Tell us about the community that you engage? eg. economic conditions, political structures, norms and values, demographic trends, history, and experience with engagement efforts.
Iganga District, Uganda is home to approximately 700,000 people, more than 85% of which live in rural areas relying on subsistence agriculture. It is the second largest and fastest growing district in the country, spanning more than 4,000 square kilometers, in which there are only 2 paved roads and a myriad of dirt feeder roads that wash out during the rainy season. It is largely a patriarchal society, and is home to Christians, Muslims, and Animists. Polygamy is prevalent, which, combined with an average fertility rate of 6.9, leads to very large families. Local beliefs relevant to maternal and neonatal health include preferring delivery with a traditional birth attendant, the desire to use herbs during delivery, the thought that only sick women should attend prenatal care, and post-birth practices of immediately washing the newborn, feeding it honey, and putting creams on the umbilical cord. Iganga is served by one, and only, hospital--the Iganga District Hospital--that provides services to 1.2 million people, although it was built to serve only 200,000. Very few rural health centers have electricity, and quarterly shipments of medical supplies last only a few weeks.
More important, however, is the will of the people to improve their own circumstances. For the past 3.5 years, SAFE has been working with a network of more than 700 people from village government and grassroots development associations, women's groups, and men's groups to engage the population at large, who help us design, implement, and manage all projects.

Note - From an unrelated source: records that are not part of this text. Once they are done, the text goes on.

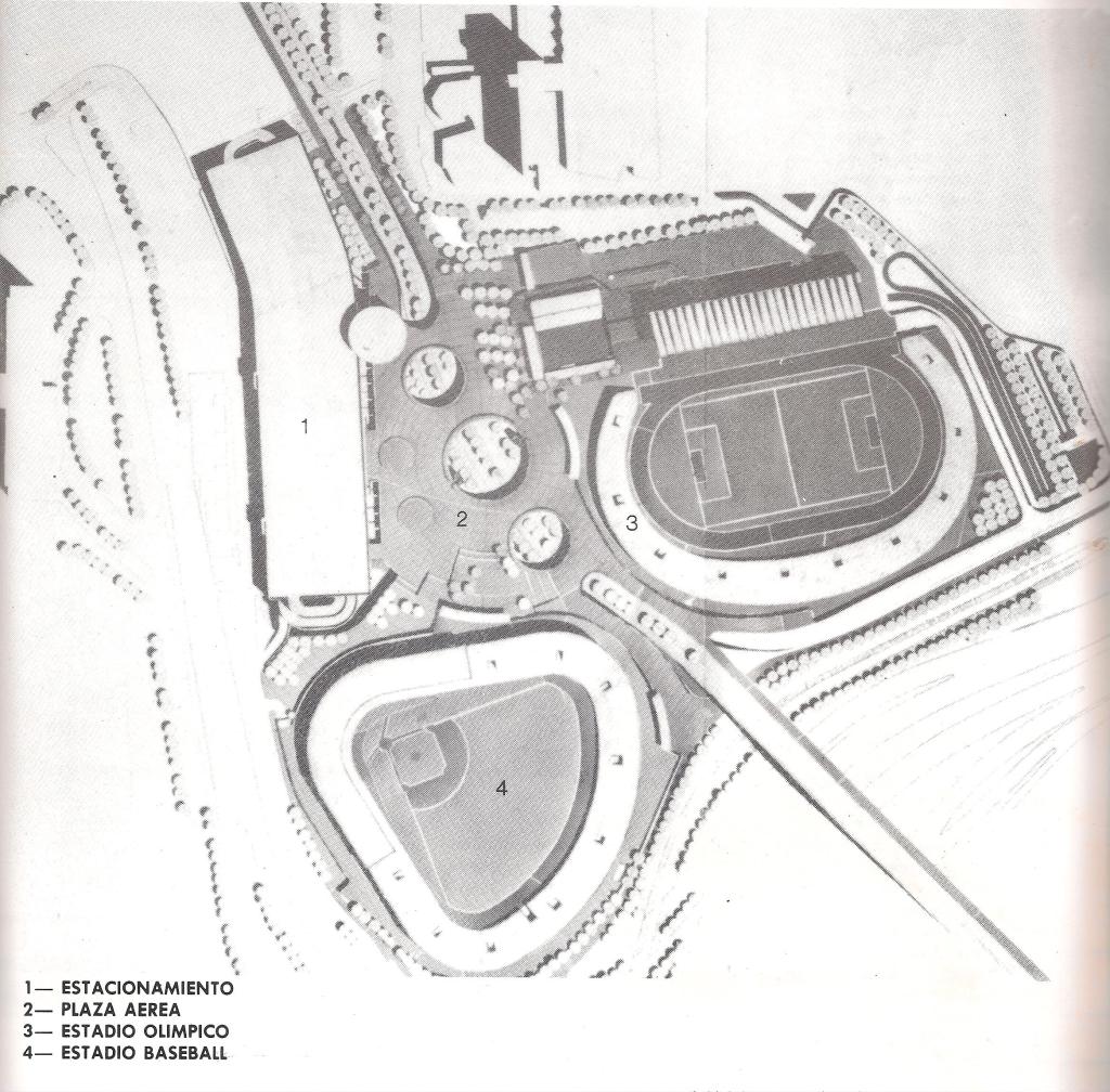 10. Planta del conjunto de los dos estadios, la plaza que los integra y el estacionamiento estructural que los sirve.
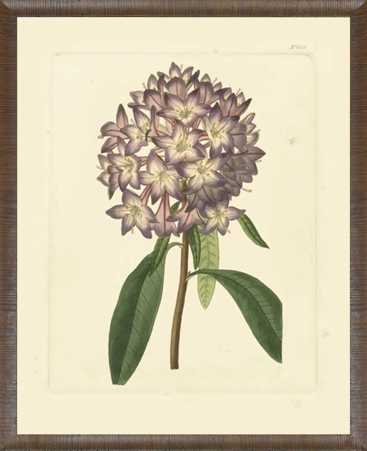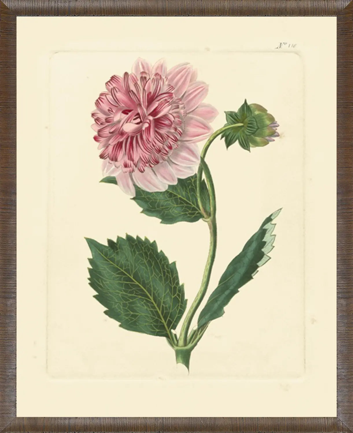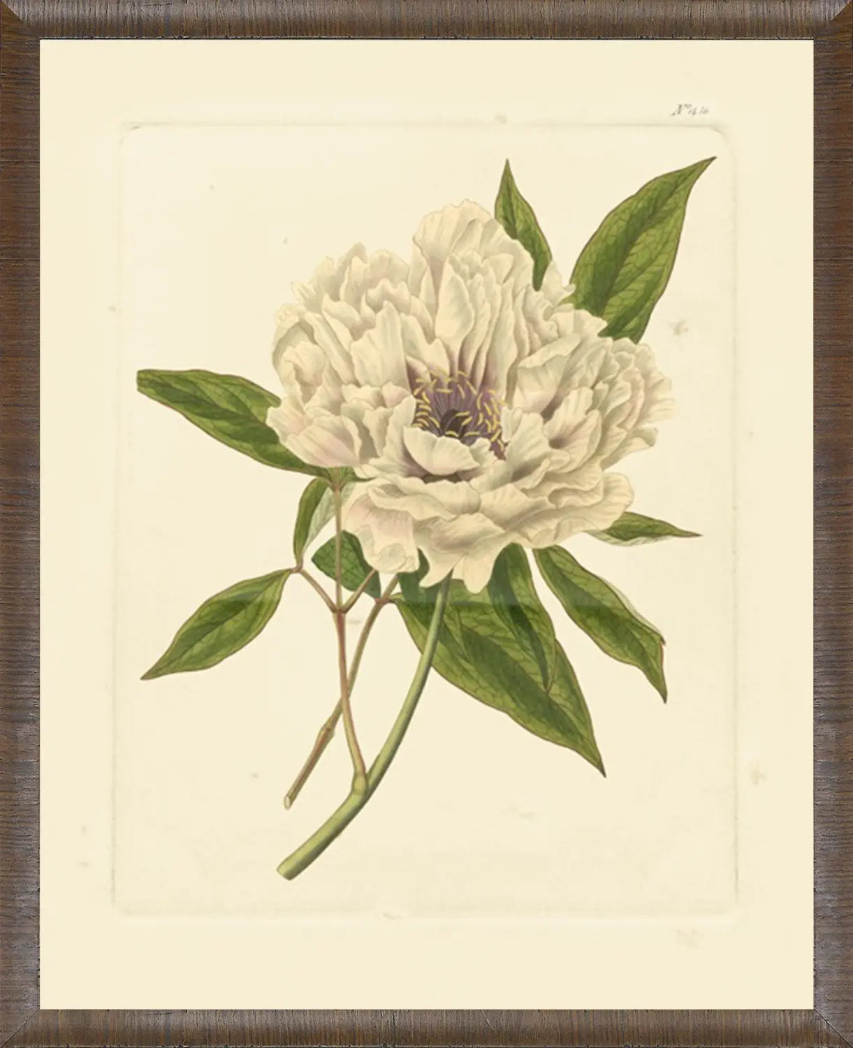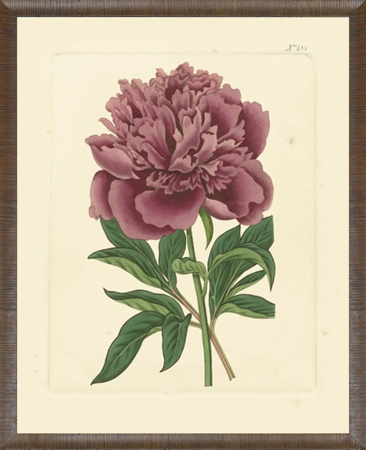 Classic Botanical prints on quality paper for a true historical look. Soft pink, mauve and white peonys, truly, the queen of the garden. Framed in a live edge wood frame.
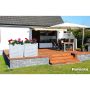 Blomsterkassen i elegant serie som er trykkimpregnert og grunnmalt i hvit. Hjørnet er laget av stål og er laget i nordisk gran.
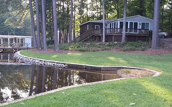 Be instantly IMPRESSED when stepping into this lake getaway as you look through a wall of glass to a FANTASTIC, BIG WATER view. This lot has 10+' DEEP WATER at the boathouse and over 200' of bulk-headed shoreline to enjoy in addition to the GENTLY SLOPED YARD with firepit and sandy area for kids! GREAT LOCATION...just minutes away from grocery, fuel, Rx, ABC, restaurants & more. The site-built addition added living space & opened it up with multiple glass doors on the lakeside that lead to a wrap-around sun deck and 300 SF screened porch. AND... this can be TURN-KEY, move-in ready & includes home WARRANTY! More: Hardiplank siding, new, lifetime windows & doors, sheetrocked LR, lakeside bedrooms, master suite, guest room, flex room for guests/hobbies, hall bath, circular drive, storage shed. Such an AFFORDABLE combo of cute house and great water! A MUST SEE!
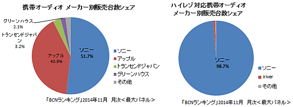 付加価値の高いハイレゾ対応モデルだが、各社の取り組みはどうだろうか。MP3プレーヤーなどを含む携帯オーディオ市場全体の14年11月のメーカー別販売台数シェアは、ソニーが51.7%、アップルが40.9%と、2社で市場を分け合っている。では、このなかのハイレゾ市場はどうなっているのか。
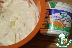 Маскарпоне смешиваем с йогуртом и сахарной пудрой по вкусу, мешаем вручную венчиком
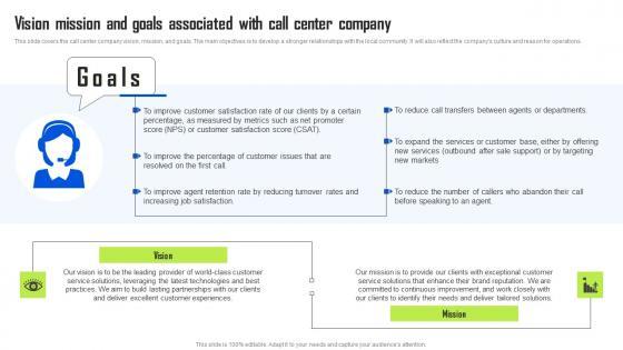 This slide covers the call center company vision, mission, and goals. The main objectives is to develop a stronger relationships with the local community. It will also reflect the companys culture and reason for operations. Do you have an important presentation coming up Are you looking for something that will make your presentation stand out from the rest Look no further than Vision Mission And Goals Associated With Call Center IT And Tech Support Business Diagrams Pdf With our professional designs, you can trust that your presentation will pop and make delivering it a smooth process. And with Slidegeeks, you can trust that your presentation will be unique and memorable. So why wait Grab Vision Mission And Goals Associated With Call Center IT And Tech Support Business Diagrams Pdf today and make your presentation stand out from the rest. This slide covers the call center company vision, mission, and goals. The main objectives is to develop a stronger relationships with the local community. It will also reflect the companys culture and reason for operations.
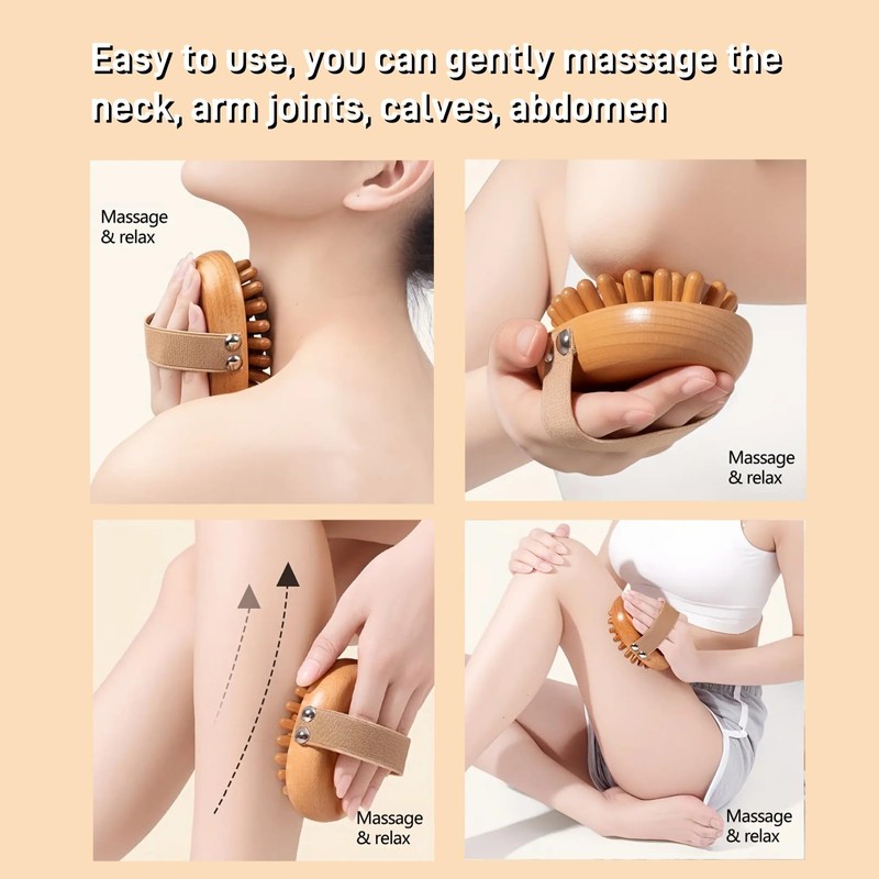 - DURABLE QUALITY MATERIAL: This body scrubber is made of sustainably sourced wood strong.All corners of our dry brushing body brush are smoothly processed to ensure safe use.This facial massager unique air cushion base with wooden contacts can perfectly fit the body curve to enhance the massage effect
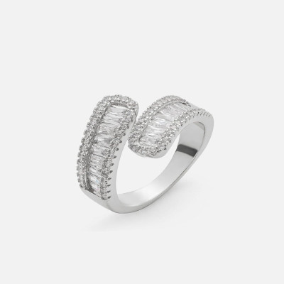 خاتم نسائي بتصميم كلاسيك باللون الفضي ، خاتم بتصميم متداخل يتزين بفصوص من الزركون اللامع ، اضيفي لمسه أنثويه راقيه الى طلتك مع هذا الخاتم ، خاتم يناسب إطلالتك المسائية .

Share the story of the founder and what inspired the founder to start this project
As I entered the Iganga District Hospital Maternity Ward on January 9th, 2009, 3 women experiencing complicated labor were scheduled for emergency C-sections. As a collegiate Emergency Medical Technician, I was leading my third medical volunteer trip to Uganda and was at the hospital to perform a capacity assessment. I hadn’t intended to be providing medical care, but one woman, only 19, had nobody to support her, so I put down my clipboard and did my best, reassuring her that the doctor would be there soon. But it was 4 hours later when he finally arrived, at which point all the nurses had left. I was thus asked to be in the O.R. to care for the babies after they were delivered.
Three times I watched blue and lifeless babies make their way into the world. I performed CPR on each infant, hoping and praying for signs of life. Never have I worked harder or wanted anything so badly. And some of the best noises I’ve ever heard were the first cries those 3 infants wailed.
This experience and others like it during that trip sent me on a quest to learn everything I could about why maternal and neonatal mortality remained high despite attempts to reduce it. I conducted focus group discussions in-country and dedicated my 100-page senior thesis to studying the phenomenon. I learned that many programs fail to adequately engage target populations in the development of projects designed to benefit them, leading to underutilization and unsustainability. Understanding these gaps led me to evolve my college-based initiative, the Vassar Uganda Project, into Safe Mothers, Safe Babies.